Context: I'm using window.devicePixelRatio to determine the display resolution for a few canvases on a website.
To the best of my knowledge, the DPR value should change when zooming in and out on a website. This is what happens on Chrome. But it doesn't seem to happen in Safari. Querying the value of window.devicePixelRatio or devicePixelRatio from the JS Console always returns the same value, no matter how much I zoom in or out. I've tried this on three separate computers, all of them Macs running either Safari v13.1.2, v14.1.2, or v15.1.

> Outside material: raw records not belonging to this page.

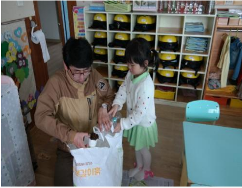
(운영사진_배양토 나눠주는 모습)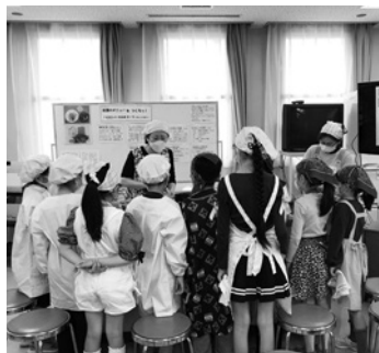
どうやって作るのかな?

子どもたちは「自分で作ったピビンバはおいしかった」「準備から後片付けまで楽しかった。お母さんに教えたい」「みんなと一緒に作れてうれしかった」など、大満足な様子でした。 (参加10人)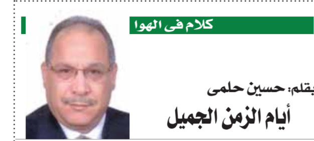
كلام فى الهوا

قلت له: الحقيقة لقد استفدت منك جدا يا بابا اليوم درساً، واختتمت لقائى مع والدى فى رمضان عام ٢٠١٠ وعلقت فى ذهنى كلمات تراثية: «أهم شيء فى العمل الدرامى الورق، إذا لم يكن الورق جيداً، فسوف يكون العمل غير جيد» رحم الله والدى ممدوح الليثى الذى أتمنتا بالعديد والعديد من الأعمال الدرامية وأسكنه فسيح جناته.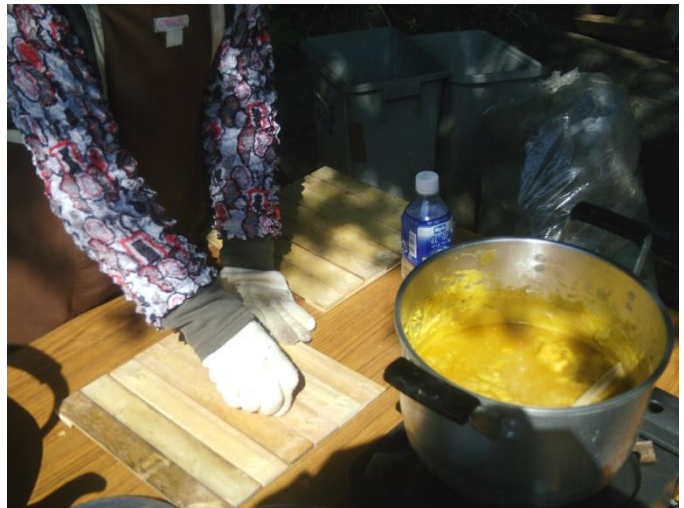
天板簀の子の蜜蝋の塗布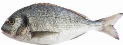
Sursit pour les dorades

Nous avons joué de malchance avec les deux séances de pêche programmées, les conditions météo défavorables, n'ont pas permis de sortir en mer. Ce n'est que partie remise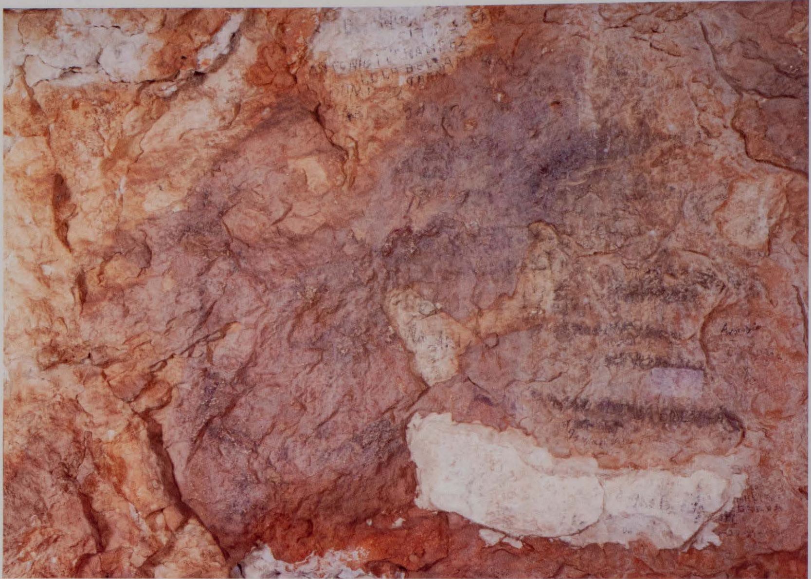
Figura 9. A. Cova dels Cavalls. Estado de las pinturas antes de la intervención de conservación preventiva. B. Detalle de la escena principal después de dicha intervención.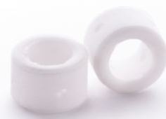
ДИФФУЗОР ГАЗОВЫЙ РТ31 Арт. 6301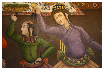
تصویر ۱۰ (راست) - حضور رقصندگان در مجالس بزم دربار (دیوار نگاره کاخ چهلستون).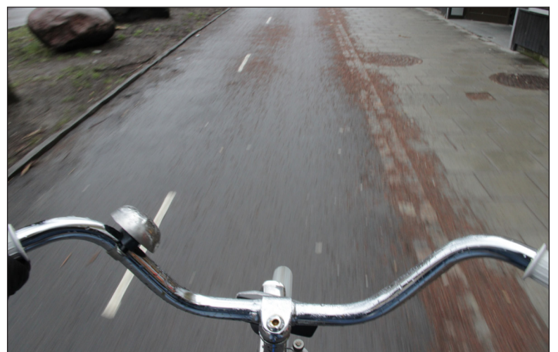
Vägen till redaktionen, inte ens en reporter är säker.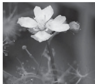
イシモチソウ (モウセンゴケ科)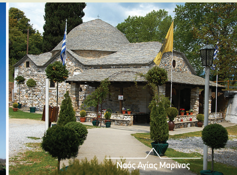
Ναός Αγίας Μαρίας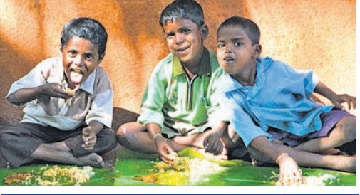
ବ୍ୟଞ୍ଜନ ସଂଖ୍ୟା କମାଇଲେଣି ୬୮%

ନୂଆଦିଲ୍ଲୀ, ୧୩୫(ପି.ଟି.) କରୋନା ମହାମାରୀ ଜନିତ ଲକ୍ଷ୍ମତାରଣ ଯୋଗୁ ଗ୍ରାମାଞ୍ଚଳ ଜନସାଧାରଣ ଖାଇବା କମାଇଦେଇଥିବା ଏକ ସର୍ବେକ୍ଷେପ ଜଣାପଡ଼ିଛି। ଲକ୍ଷ୍ମତାରଣ ସମୟରେ ୧୨ଟି ରାଜ୍ୟରୁ ୫୦୦୦ରୁ ଊର୍ଦ୍ଧ୍ୱ ଗ୍ରାମାଞ୍ଚଳ ପରିବାର ଉପରେ ଏକ ସର୍ବେକ୍ଷେପ କରାଯାଇଥିଲା। ସେମାନଙ୍କ ମଧ୍ୟରୁ ଅଧା ପରିବାର ଲକ୍ଷ୍ମତାରଣ ବେଳେ ଖାଇବା କମାଇଦେଇଥିବା କହିଛନ୍ତି। ସେହିପରି ୬୮ ପ୍ରତିଶତ ପରିବାର ବ୍ୟଞ୍ଜନ ସଂଖ୍ୟା କମାଇଥିବା ସର୍ବେକ୍ଷେପ ଜଣାପଡ଼ିଛି। ସାଧାରଣ ବ୍ୟଞ୍ଜନ ବ୍ୟବସ୍ଥା କରିଆରେ ୮୪ ପ୍ରତିଶତ ପରିବାରକୁ ଖାଦ୍ୟଶସ୍ୟ ମିଳିଥିବାବେଳେ ୩୭%ଙ୍କ ଘରେ ରାଶନ ସାମଗ୍ରୀ ପହଞ୍ଚିଛି। ୨୪ ପ୍ରତିଶତ ଖାଦ୍ୟଶସ୍ୟ ଗାଁର ଅନ୍ୟ ଲୋକଙ୍କଠାରୁ ଉଧାର ନେଉଥିବାବେଳେ ୧୨%ଙ୍କୁ ମାରଣୀ ଖାଦ୍ୟ ମିଳୁଛି। ରୁଧିରୀର ଏକ ଇଣ୍ଟରନେଟ ସେମିନାରରେ ଏହି ରିପୋର୍ଟ ପ୍ରକାଶ ପାଇଛି। ସର୍ବେକ୍ଷେପ ଅନୁଯାୟୀ ପରିବାରଗୁଡ଼ିକ ରିଟି ଅପେକ୍ଷା ଖରିଦ୍ ଶସ୍ୟ ଉପରେ ଅଧିକ ନିର୍ଭର କରିଥିଲେ। ଏବେ ସେମାନଙ୍କ ପାଖରେ ଗଭିର ଶସ୍ୟ ସରି ସରି ଆସିଲାଣି। ତେଣୁ ସେମାନେ ଦିନକୁ କମ୍ ଥର ଖାଇବା ସହ ଅଳ୍ପ ଖାଇବାକୁ ବାଧ୍ୟ ହେଉଛନ୍ତି। ଅଧିକାଂଶ ପିତୃ-ସ୍ତ୍ରୀ ଉପରେ ନିର୍ଭର କରୁଛନ୍ତି। ଚଳିତ ବର୍ଷ ଲକ୍ଷ୍ମତାରଣ ଯୋଗୁ ଖରିଦ୍ ଚାଷ ପାଇଁ ପ୍ରସ୍ତୁତି କମିଯାଇଛି। ଏଥିପାଇଁ ଚାଷୀଙ୍କୁ ସରକାରଙ୍କ ପକ୍ଷରୁ ବିହନ, ସାର ଓ କୃଷିରଣ ଯୋଗାଇଦିଆଯିବା ଜରୁରୀ। ବହୁସଂଖ୍ୟାରେ ପ୍ରବାସୀ ଶ୍ରମିକ ନିଜ ରାଜ୍ୟକୁ ଫେରୁଥିବାରୁ ଗ୍ରାମାଞ୍ଚଳ ସ୍ଥିତି ଆହୁରି ଖରାପ ହେବ। ସହାରେ କଳକାରଖାନାରେ କାମ କରୁଥିବା ଏହି ଲୋକମାନେ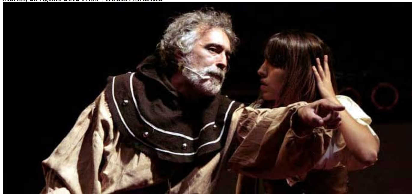
Un momento de la representación 'Cuentos de la vieja España'.

Martes, 28 Agosto 2012 17:05 | RUBÉN MADRID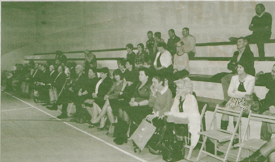
Widownia ostatnich obrad kawęczyńskiej rady Gminy w kadencji 2010-2014.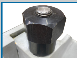
Molette de réglage de l'épaisseur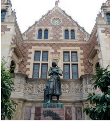
Hôtel Groslot

Monument emblématique d'Orléans, cet hôtel particulier du 16 ème siècle a vu passer dans ses murs de nombreux personnages illustres. Il présente un plan et une architecture Renaissance qui seraient attribués à JACQUES ANDROUET DUCERCEAU. Au 19 ème siècle, le bâtiment devenu Hôtel de ville est agrandi et doté d'un riche décor Néo-Renaissance représentatif de l'engouement de l'époque pour le 16 ème siècle.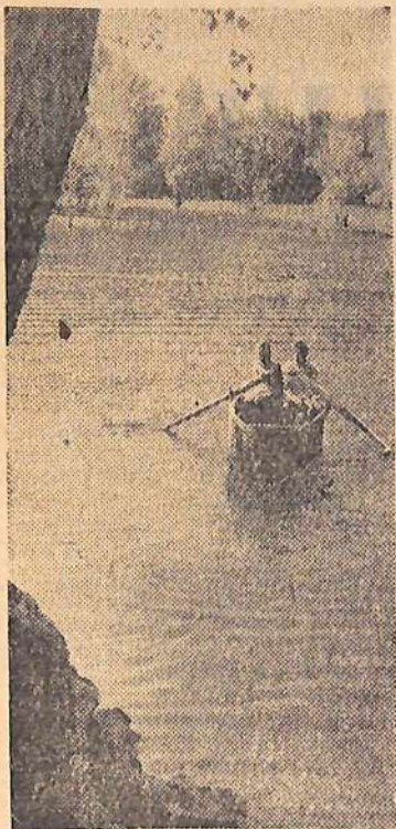
На Иргизе в летний день.

В 1914 году по всей России было всего 270 детских садов, которые посещали 7 тысяч детей. Сейчас в нашей стране в детсадах и яслях восемь с половиной миллионов малышей. Разве эта цифра не говорит о счастливом детстве!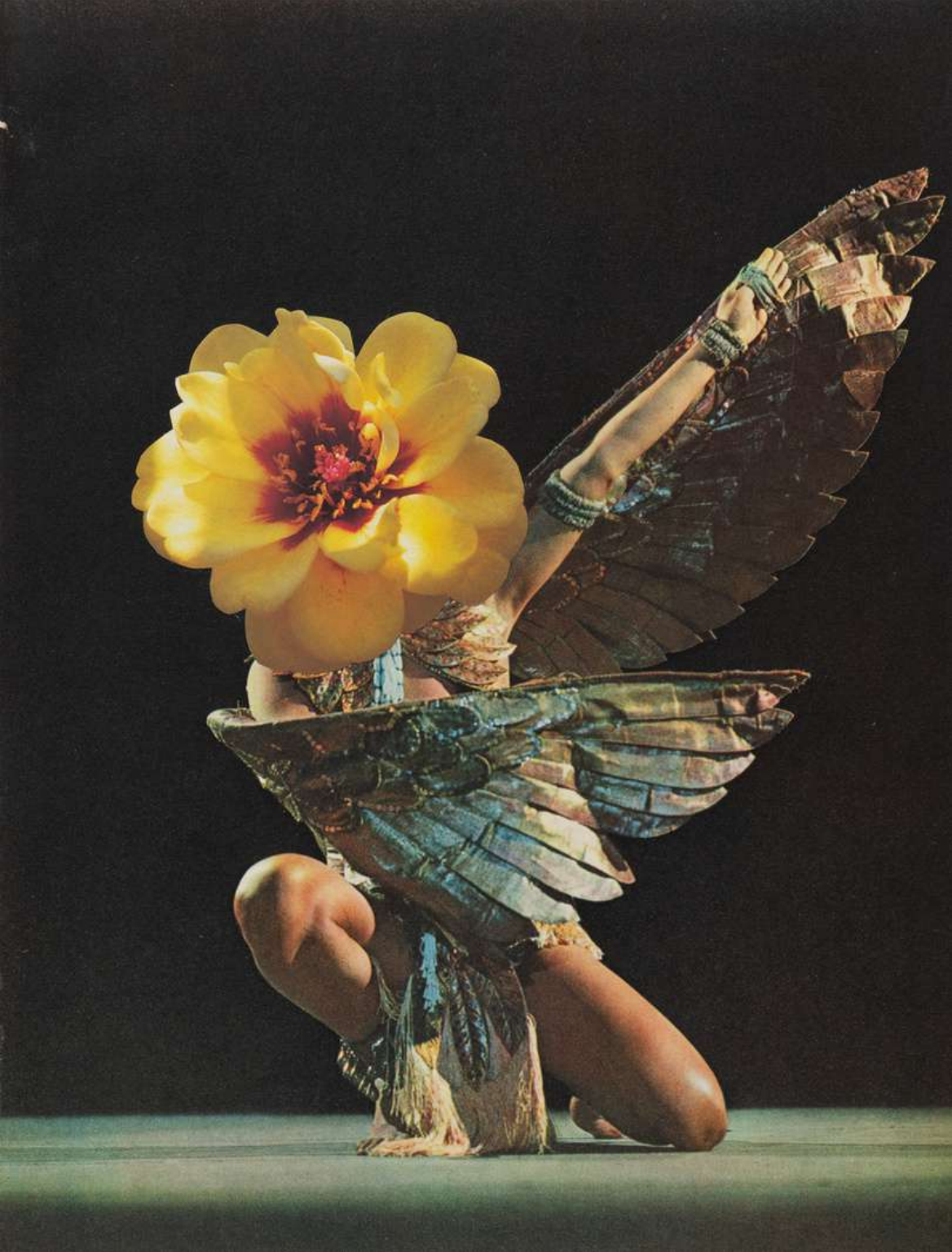
Linder Bow of burning gold, 2023 Photomontage 40 x 33 cm Incl. frame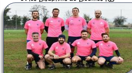
La formation des Blue Lyons de St Genis Laval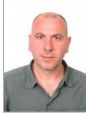
Hürmet KARTAL Cumhuriyet Halk Partisi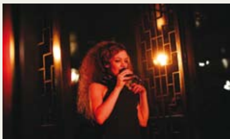
来自德国热情洋溢的声音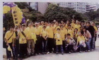
慈善健步行暨繽紛嘉年華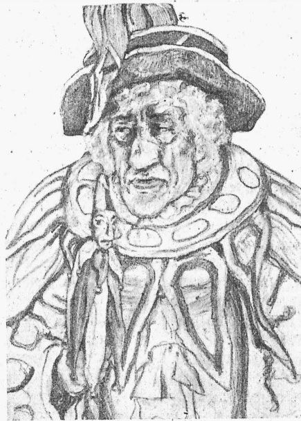
Полишинель (г. Александровскій).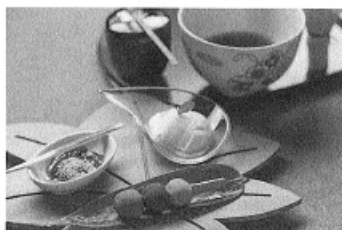
ウエルカムスイーツ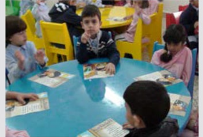
تنفيذ برنامج (الكتاب عالمي الأول)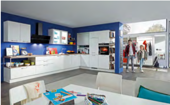
Die vielfältigen Module der Küchenhersteller erlauben eine individuelle und flexible Planung des ganzheitlichen Wohnens.

Von Küche bis Bad: Küchenhersteller bieten Lösungen für alle Räumlichkeiten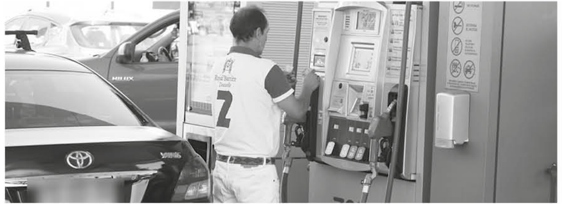
BENCINAS DISMINUYERON su precio esta semana.

Distinto es el caso del gas licuado de petróleo que se anotó un alza de 1,6 pesos por litro, quedando en $227,3 referencial.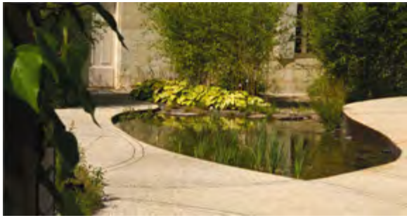
Nappes de béton et bassin de plantes aquatiques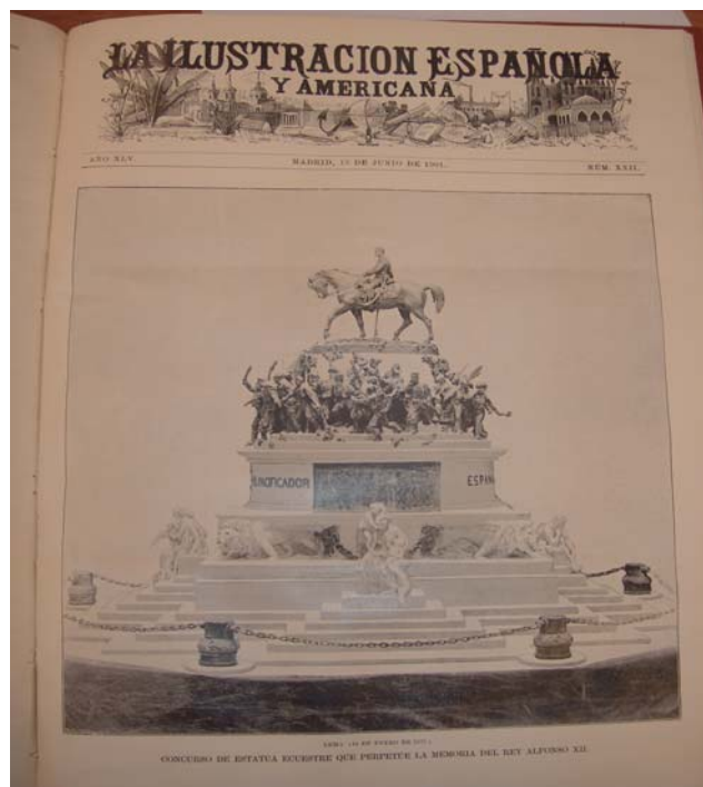
Ilustración 2. Uno de los proyectos (no el ganador) presentado al concurso público para erigir un monumento a Alfonso XII. Publicado en la portada de La Ilustración Española y Americana , 15-6-1901.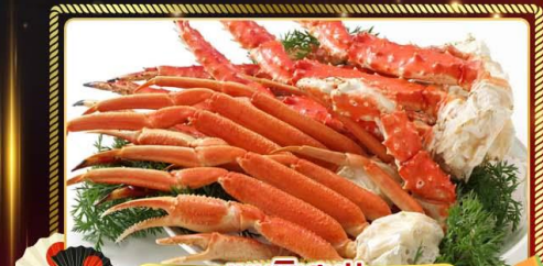
เมนูพิเศษ!! ซูชิปูตงกูปุซึกิ 3 ชนิด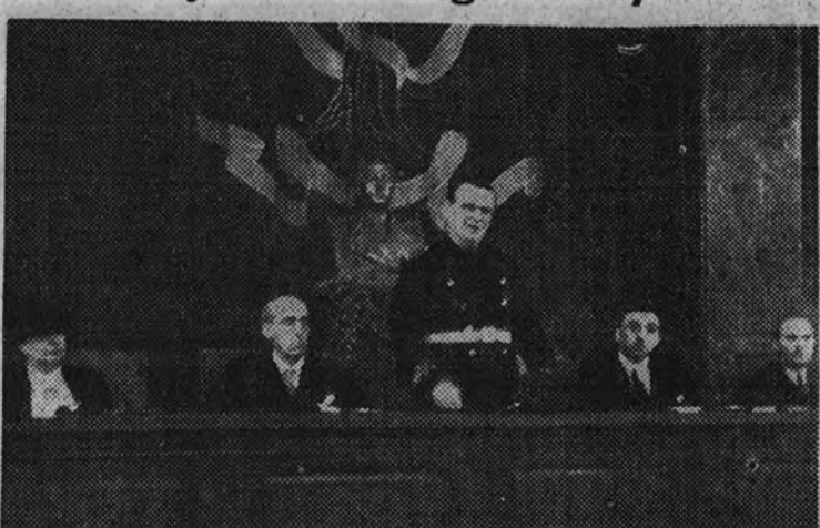
El director general de Sanidad en el discurso inaugural de una de las sesiones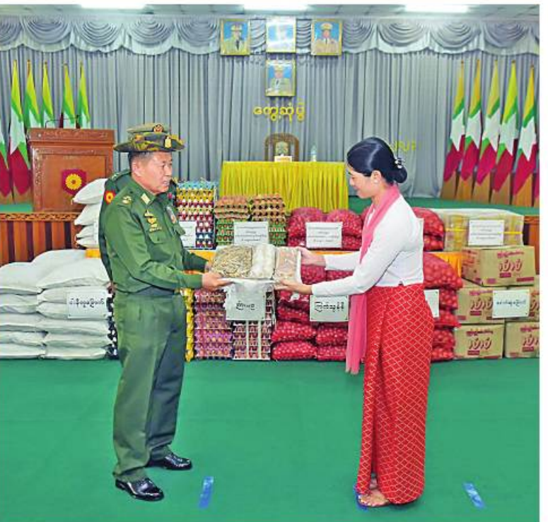
နိုင်ငံတော်စီမံအုပ်ချုပ်ရေးကောင်စီဒုတိယဥက္ကဋ္ဌ ဒုတိယတပ်မတော်ကာကွယ်ရေးဦးစီးချုပ် ကာကွယ်ရေးဦးစီးချုပ်(ကြည်း) ဒုတိယဗိုလ်ချုပ်မှူးကြီးစိုးဝင်း တပ်နယ်များရှိ အရာရှိ၊ စစ်သည်၊ မိသားစုများအတွက် စားသောက်ဖွယ်ရာများပေးအပ်ရာ တာဝန်ရှိသူများက အသီးသီးလက်ခံရယူစဉ်။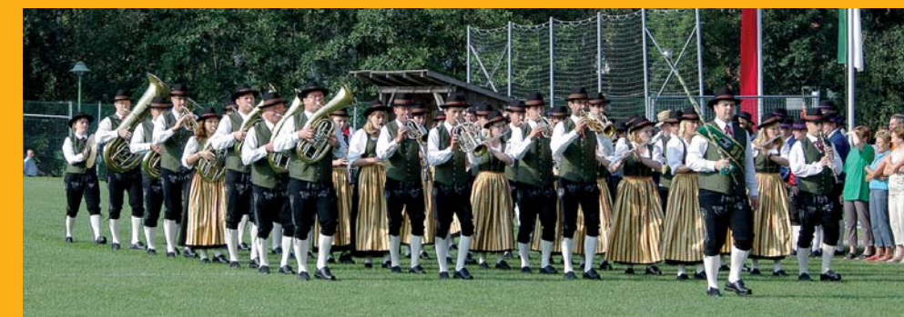
Marschwertung am Sonntag früh bei Bilderbuchwetter!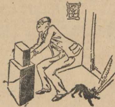
... zdaje się że zlapałem Japonię...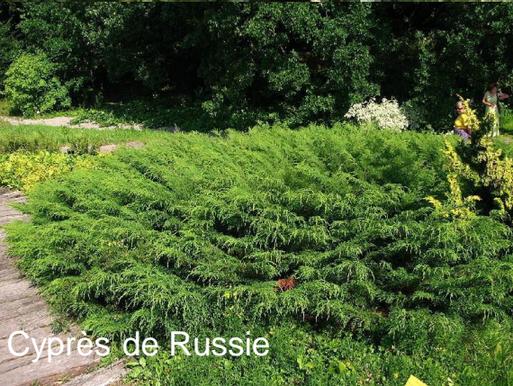
Cyprés de Russie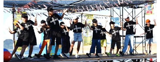
土井首地区コミュニティ協議会の「土井首HIPHOPダンススクール」の皆さんも素晴らしいパフォーマンスを披露

8月26日（土）、高島海水浴場で高島地区まちづくり推進協議会主催による「タカシマタカラジマ ～音光祭2023～」が開催されました。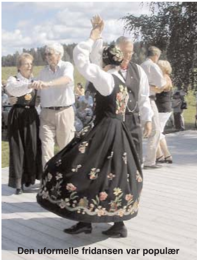
Den uformelle fridansen var populær

The MDN Web Docs page on Window.devicePixelRatio implies that the DPR should change on zoom, both in its definition at the top and in its example code. The spec linked by MDN says the following (bolded emphasis mine):
The devicePixelRatio attribute must return the result of the following determine the device pixel ratio algorithm: If there is no output device, return 1 and abort these steps. Let CSS pixel size be the size of a CSS pixel at the current page zoom scale factor and at a pinch zoom scale factor of 1.0. Let device pixel size be the vertical size of a device pixel of the output device. Return the result of dividing CSS pixel size by device pixel size.
Should Safari's window.devicePixelRatio be changing on zoom? If the DPR doesn't change with zooming, is there a different way to determine a good canvas display resolution on Safari?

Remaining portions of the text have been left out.